ここで重要なのは、③の背側迷走神経も「副交感神経」の一種だということです。つまり、副交感神経が優位でも、それが「凍りつき」モードであれば、体は回復どころかシャットダウン状態にある。

「やる気が出ない」「体がだるい」「感情が麻痺したような感覚」「引きこもりたい」、。これらは、ブレーキを踏んでいるのではなく、ブレーカーが落ちている状態です。一見穏やかに見えますが、実は最も深い防衛反応が作動しているのです。

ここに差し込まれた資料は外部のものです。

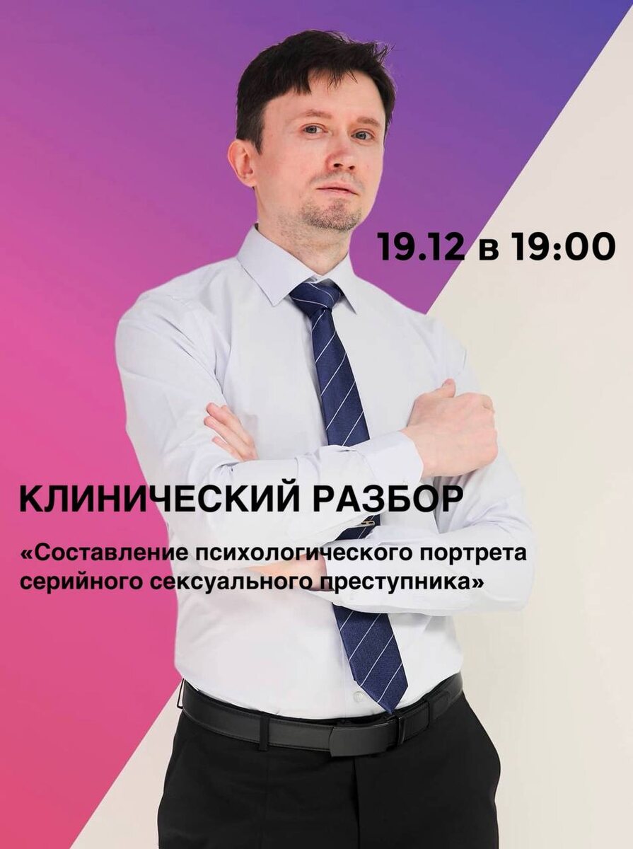 ) 🕰️ В эту пятницу 19.12 в 19:00 Ведущий — Шипицин Дмитрий Юрьевич Юридический психолог, преподаватель криминальной сексологии, медицинский психолог. 🔸Вы узнаете, как формируется психологический портрет серийного сексуального преступника 🔸Поймете, какие клинические признаки и паттерны поведения являются ключевыми 🔸Вы получите практическое понимание работы эксперта с реальным клиническим материалом инструменты профессиональной практики Стоимость: 1800₽ Присоединиться можно по ссылке: https://unisexrnso.ru/klinicheskie-razbory/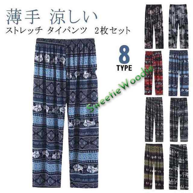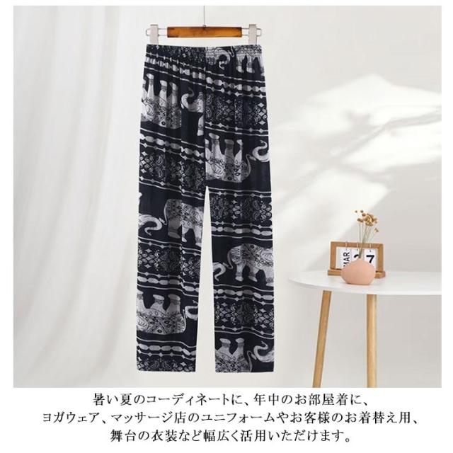 | 薄手 涼しい ストレッチ タイパンツ 2枚セット 人気のゾウさん柄のエスニックなロングパンツ♪ サラサラの薄手素材は涼しくて締め付けもなく穿き心地最高! ゆったりとしたシルエットでリラックスムード漂う一着。 ストレッチ抜群でストレスフリー☆ 暑い夏のコーディネートに、年中のお部屋着に、ヨガウェア、マッサージ店のユニフォームやお客様のお着替え用、舞台の衣装など幅広く活用いただけます。 | |

この3層構造を理解すると、「リラックス=副交感神経優位でいればいい」という従来の常識がいかに不十分かが分かります。大切なのは、副交感神経の中でも腹側(安心)の回路をオンにすることです。

JINENが「安心モード」を最優先にする理由

JINENボディワークのすべてのプログラムは、まず腹側迷走神経(安心モード)を起動させることから始まります。

この理論を臨床応用した研究では、神経系の状態を「マッピング」し、いま自分がどのモードにいるかを自覚させ、安全な関係性(共同調整)を通じて腹側モードへ移行させるアプローチが体系化されています [3]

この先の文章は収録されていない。